Transcription, pictures excluded: write out the data below exactly.

"""

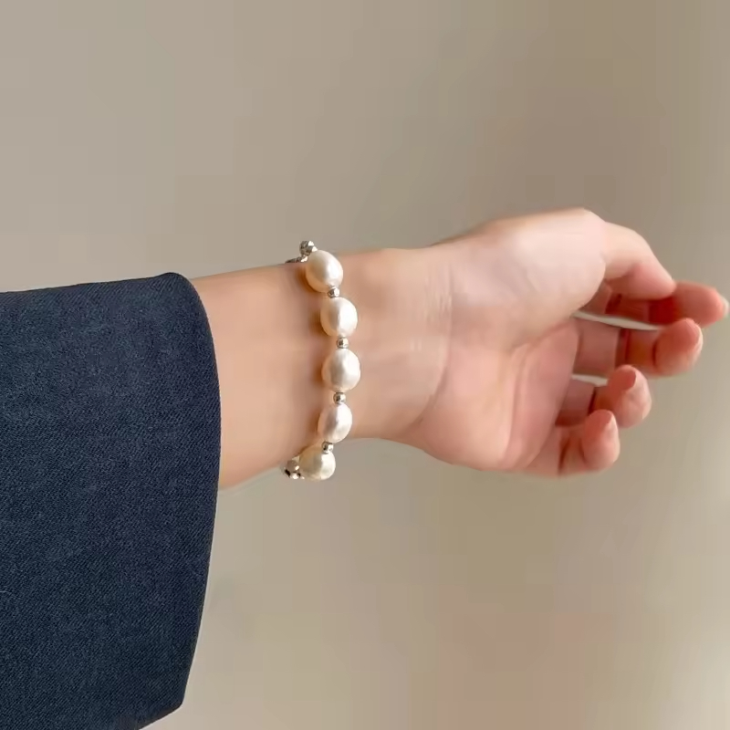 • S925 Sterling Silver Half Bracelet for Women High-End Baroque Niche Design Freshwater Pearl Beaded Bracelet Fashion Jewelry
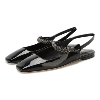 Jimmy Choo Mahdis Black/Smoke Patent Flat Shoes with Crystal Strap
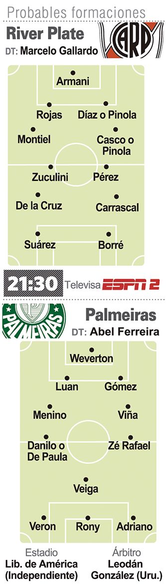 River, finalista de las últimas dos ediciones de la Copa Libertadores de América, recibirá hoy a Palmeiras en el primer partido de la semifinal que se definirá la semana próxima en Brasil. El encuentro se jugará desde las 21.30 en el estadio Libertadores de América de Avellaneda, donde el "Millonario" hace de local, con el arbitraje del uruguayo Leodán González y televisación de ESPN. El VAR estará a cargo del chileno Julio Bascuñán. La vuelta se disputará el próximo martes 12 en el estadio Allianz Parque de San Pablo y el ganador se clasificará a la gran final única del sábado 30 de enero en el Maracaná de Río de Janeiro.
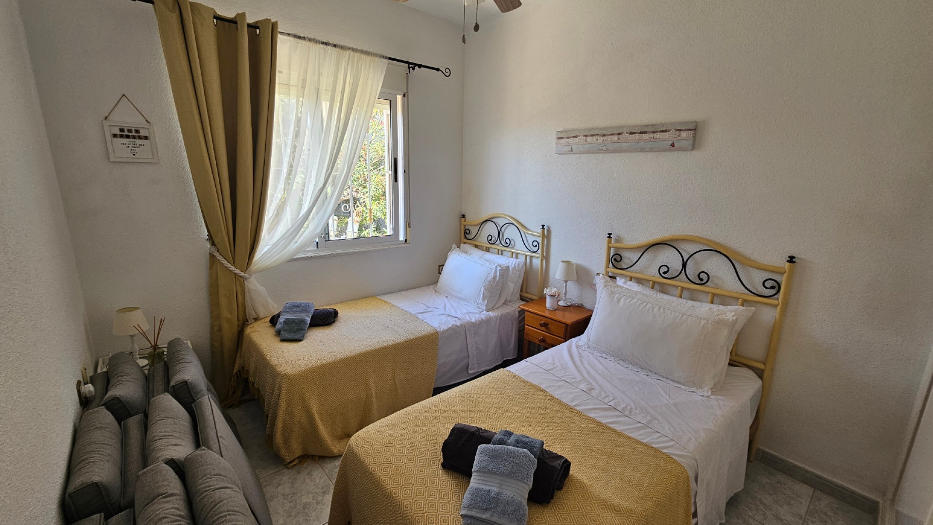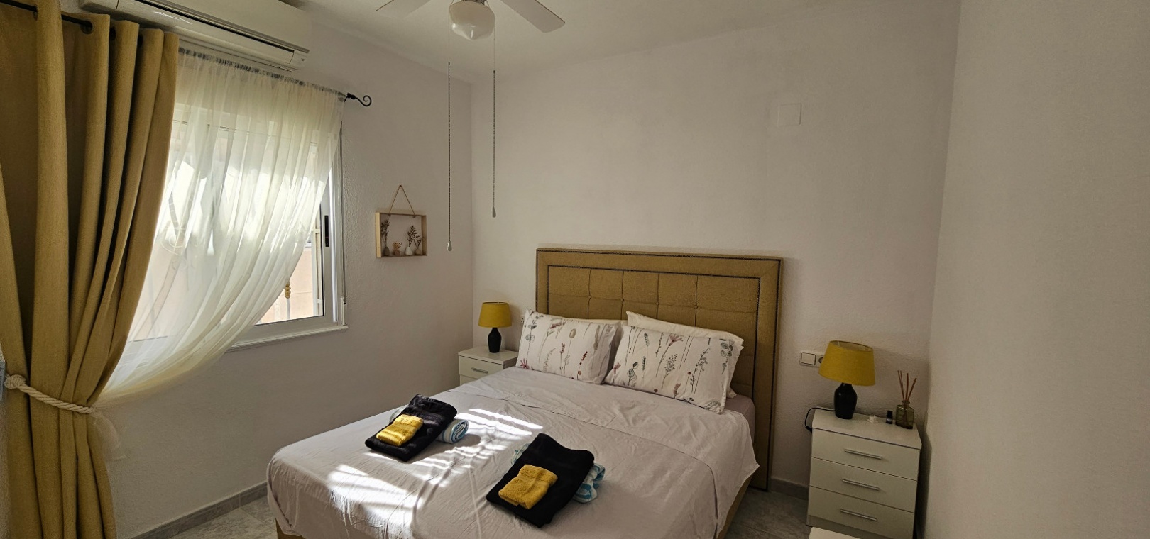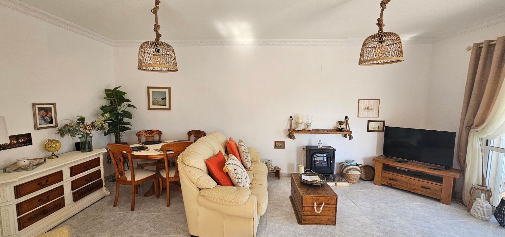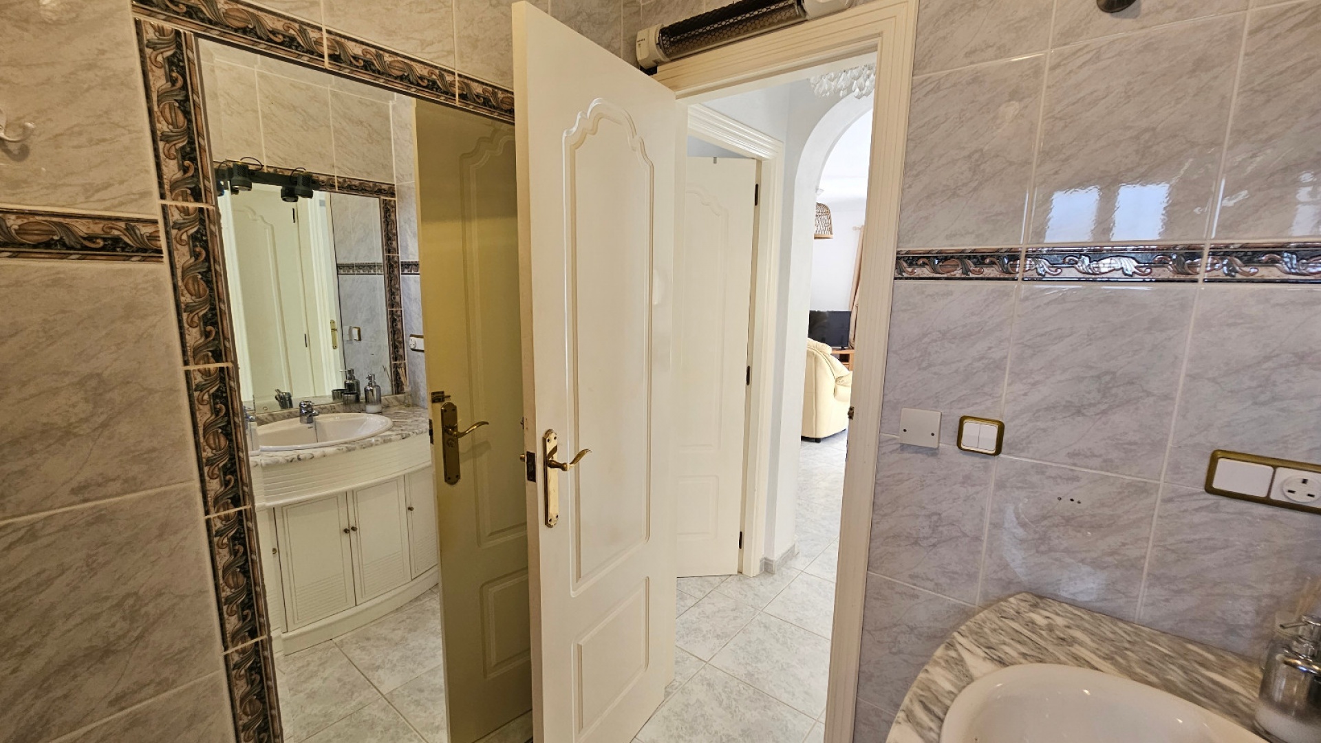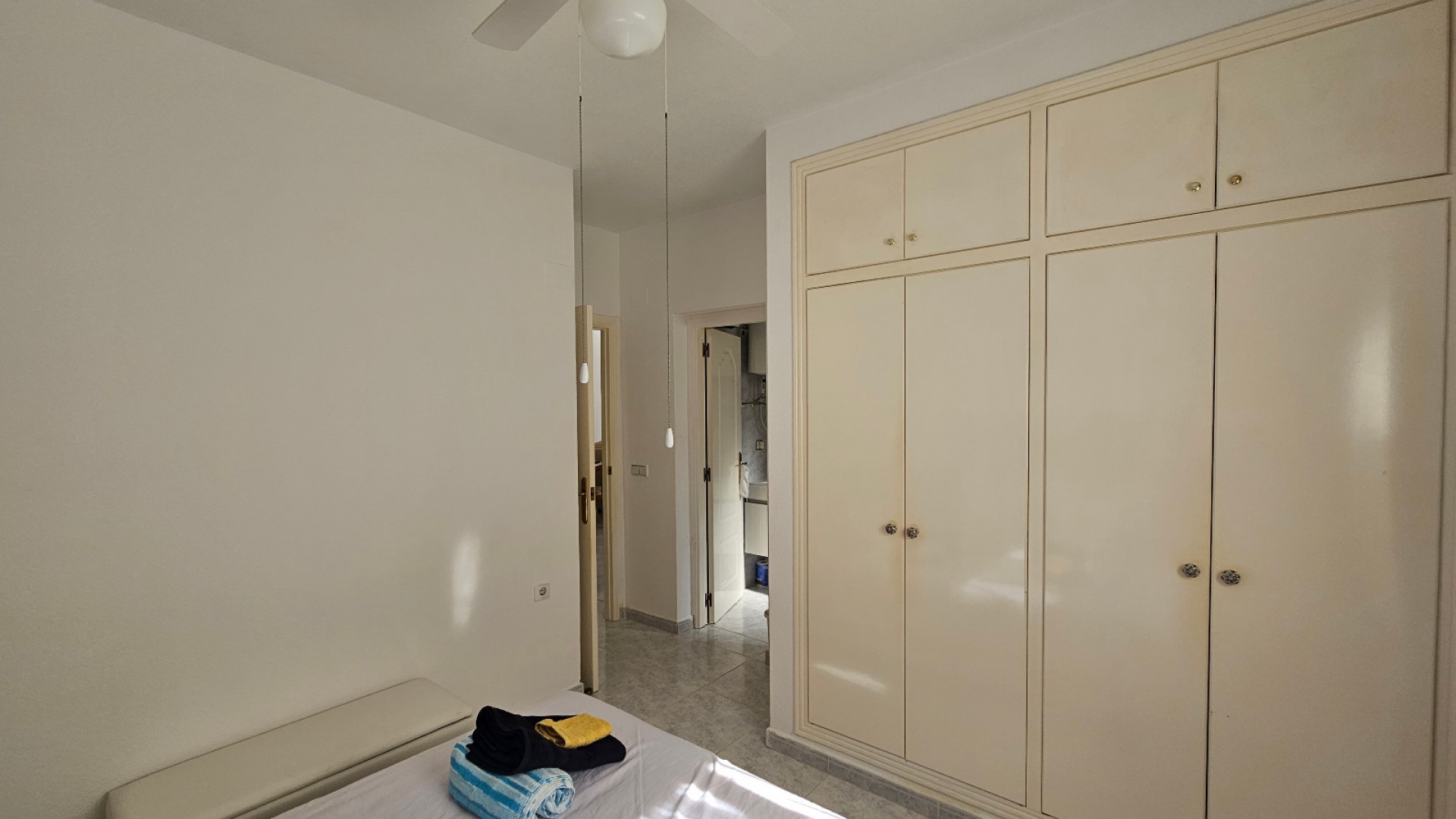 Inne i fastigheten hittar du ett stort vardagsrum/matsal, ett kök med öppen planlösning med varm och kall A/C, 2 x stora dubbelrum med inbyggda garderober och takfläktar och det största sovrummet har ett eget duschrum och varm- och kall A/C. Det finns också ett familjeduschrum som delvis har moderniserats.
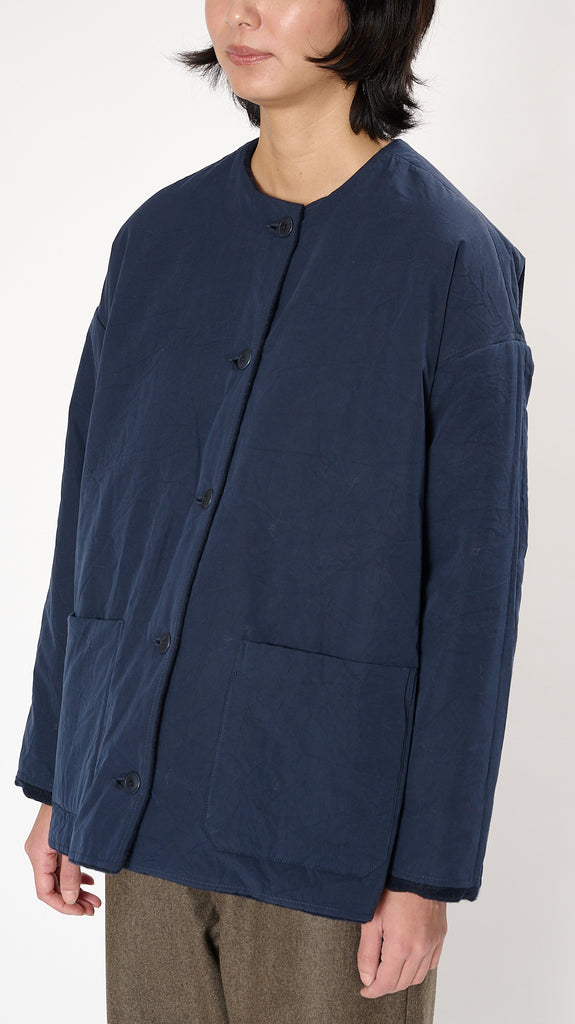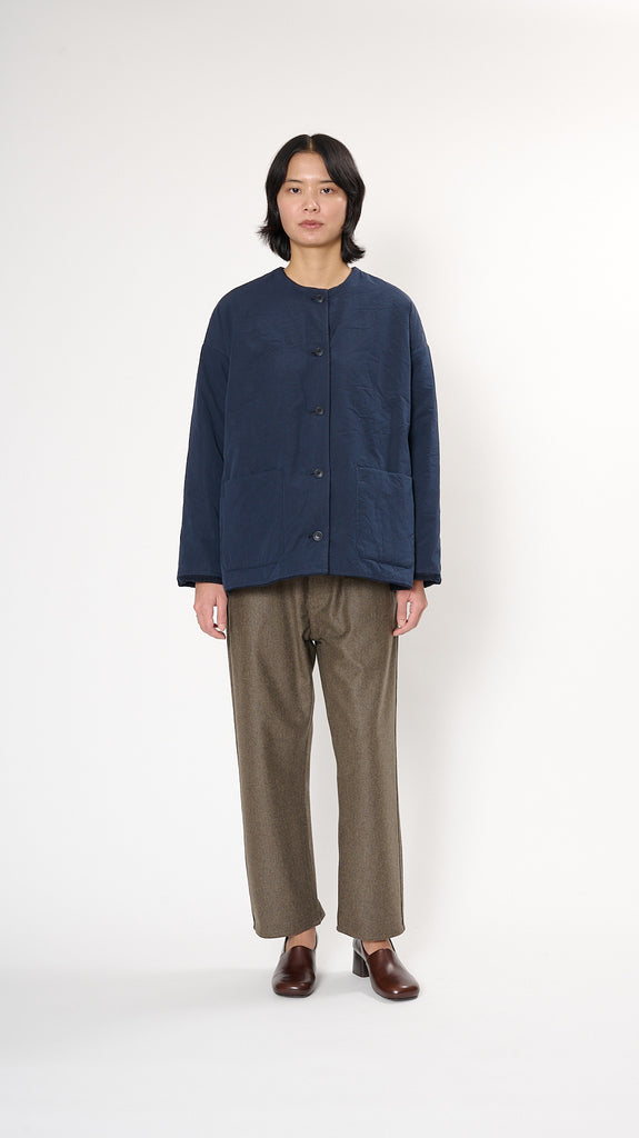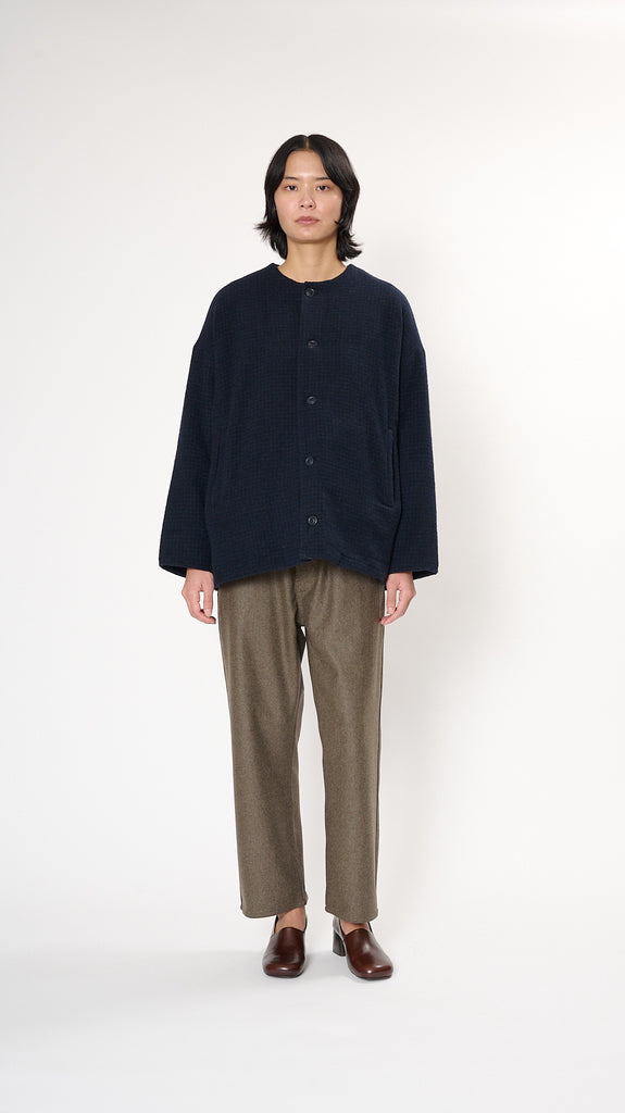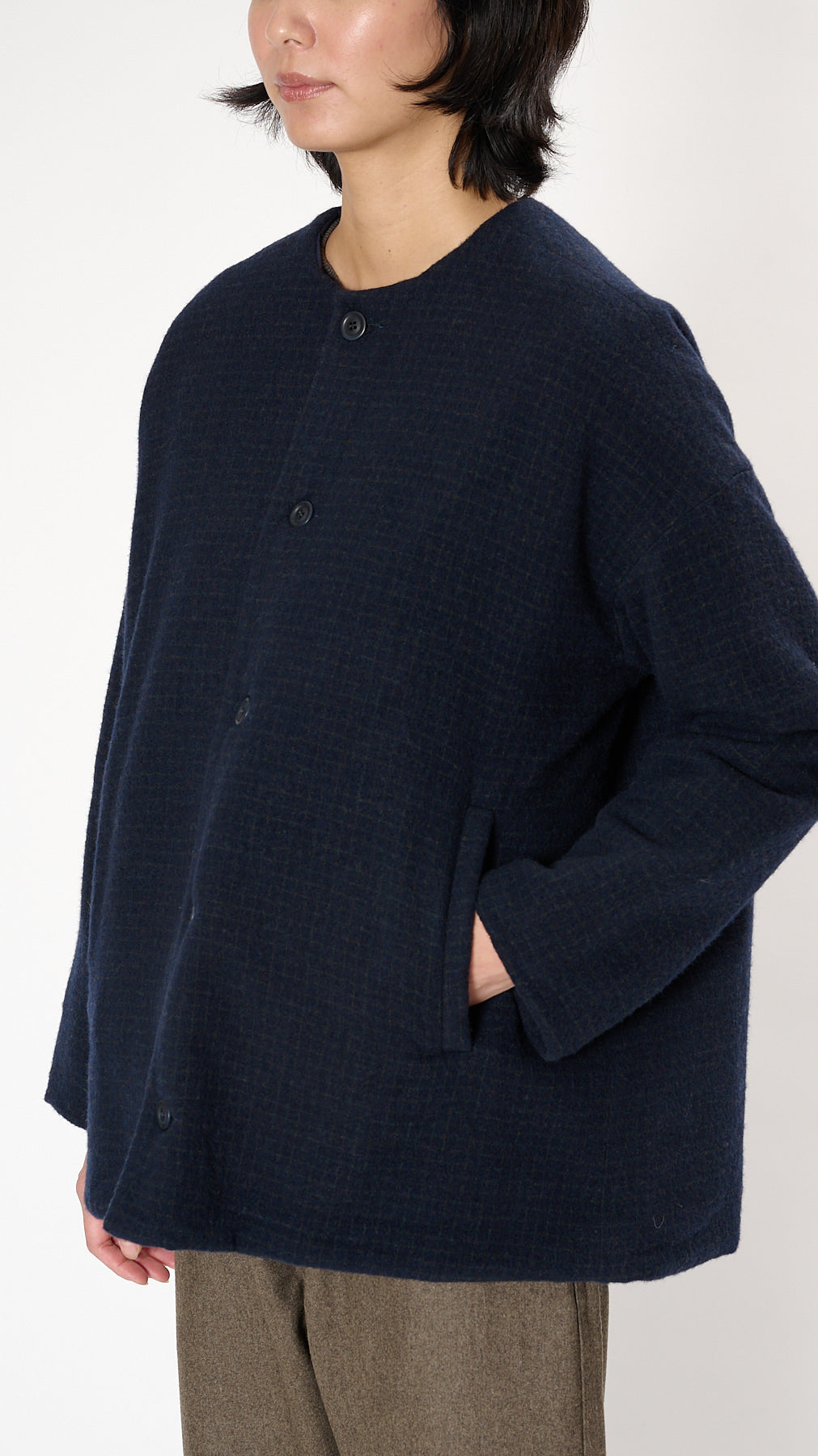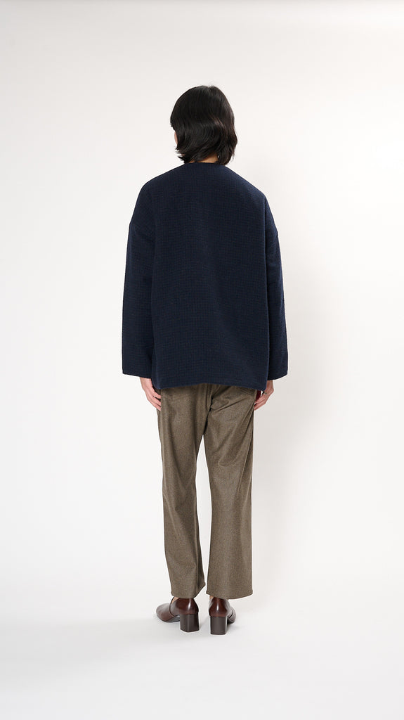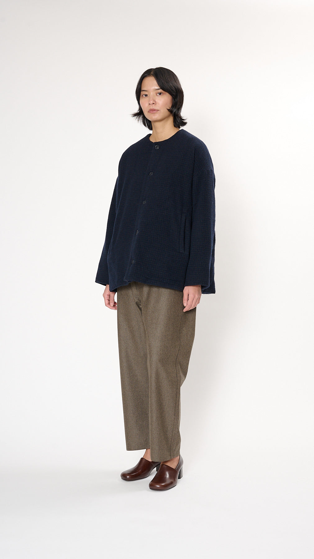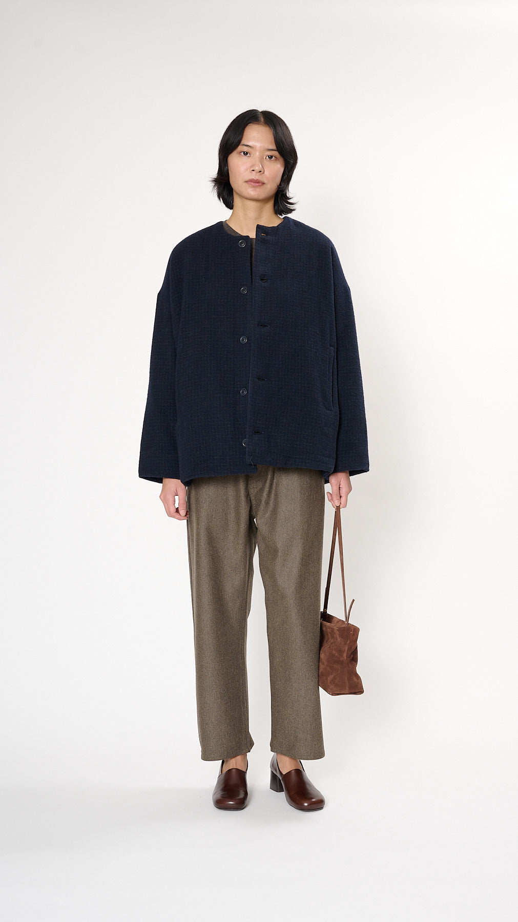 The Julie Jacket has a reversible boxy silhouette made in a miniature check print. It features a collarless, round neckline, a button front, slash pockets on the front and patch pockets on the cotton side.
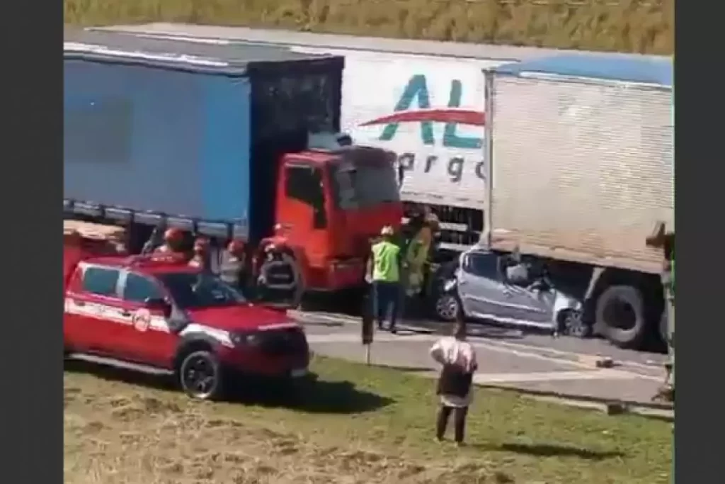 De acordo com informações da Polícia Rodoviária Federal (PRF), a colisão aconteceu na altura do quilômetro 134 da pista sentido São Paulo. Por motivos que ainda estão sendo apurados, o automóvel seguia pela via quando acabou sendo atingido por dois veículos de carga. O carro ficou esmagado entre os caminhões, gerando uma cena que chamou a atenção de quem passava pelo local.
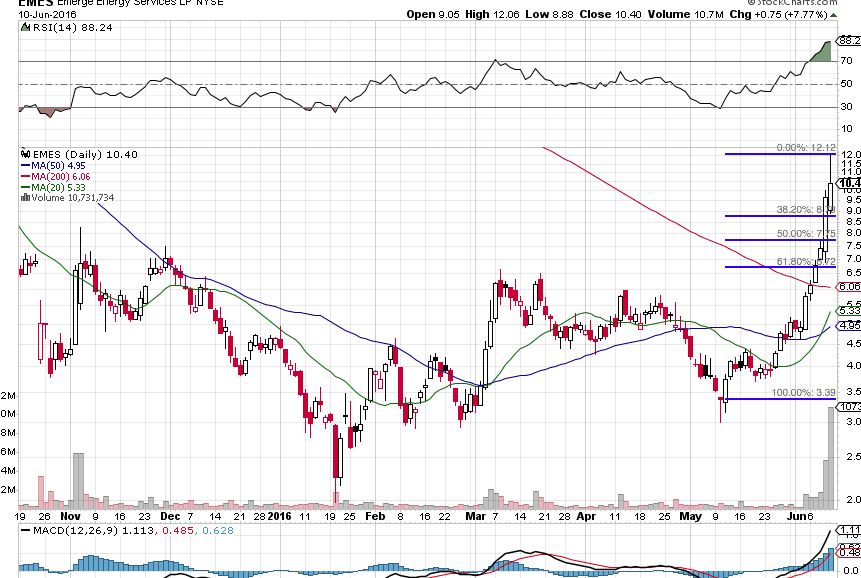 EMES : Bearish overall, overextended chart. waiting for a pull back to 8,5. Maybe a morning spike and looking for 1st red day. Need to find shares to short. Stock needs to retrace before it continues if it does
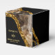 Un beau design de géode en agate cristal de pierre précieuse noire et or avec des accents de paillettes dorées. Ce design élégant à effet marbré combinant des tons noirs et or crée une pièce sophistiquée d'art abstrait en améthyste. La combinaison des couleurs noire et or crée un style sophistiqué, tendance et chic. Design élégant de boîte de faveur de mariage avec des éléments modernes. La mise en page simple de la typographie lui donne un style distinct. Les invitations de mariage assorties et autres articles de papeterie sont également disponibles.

"""

## Answer space
 • S925 Sterling Silver Half Bracelet for Women High-End Baroque Niche Design Freshwater Pearl Beaded Bracelet Fashion Jewelry
 Jimmy Choo Mahdis Black/Smoke Patent Flat Shoes with Crystal Strap
 River, finalista de las últimas dos ediciones de la Copa Libertadores de América, recibirá hoy a Palmeiras en el primer partido de la semifinal que se definirá la semana próxima en Brasil. El encuentro se jugará desde las 21.30 en el estadio Libertadores de América de Avellaneda, donde el "Millonario" hace de local, con el arbitraje del uruguayo Leodán González y televisación de ESPN. El VAR estará a cargo del chileno Julio Bascuñán. La vuelta se disputará el próximo martes 12 en el estadio Allianz Parque de San Pablo y el ganador se clasificará a la gran final única del sábado 30 de enero en el Maracaná de Río de Janeiro.
 Inne i fastigheten hittar du ett stort vardagsrum/matsal, ett kök med öppen planlösning med varm och kall A/C, 2 x stora dubbelrum med inbyggda garderober och takfläktar och det största sovrummet har ett eget duschrum och varm- och kall A/C. Det finns också ett familjeduschrum som delvis har moderniserats.
 The Julie Jacket has a reversible boxy silhouette made in a miniature check print. It features a collarless, round neckline, a button front, slash pockets on the front and patch pockets on the cotton side.
 De acordo com informações da Polícia Rodoviária Federal (PRF), a colisão aconteceu na altura do quilômetro 134 da pista sentido São Paulo. Por motivos que ainda estão sendo apurados, o automóvel seguia pela via quando acabou sendo atingido por dois veículos de carga. O carro ficou esmagado entre os caminhões, gerando uma cena que chamou a atenção de quem passava pelo local.
 EMES : Bearish overall, overextended chart. waiting for a pull back to 8,5. Maybe a morning spike and looking for 1st red day. Need to find shares to short. Stock needs to retrace before it continues if it does
 Un beau design de géode en agate cristal de pierre précieuse noire et or avec des accents de paillettes dorées. Ce design élégant à effet marbré combinant des tons noirs et or crée une pièce sophistiquée d'art abstrait en améthyste. La combinaison des couleurs noire et or crée un style sophistiqué, tendance et chic. Design élégant de boîte de faveur de mariage avec des éléments modernes. La mise en page simple de la typographie lui donne un style distinct. Les invitations de mariage assorties et autres articles de papeterie sont également disponibles.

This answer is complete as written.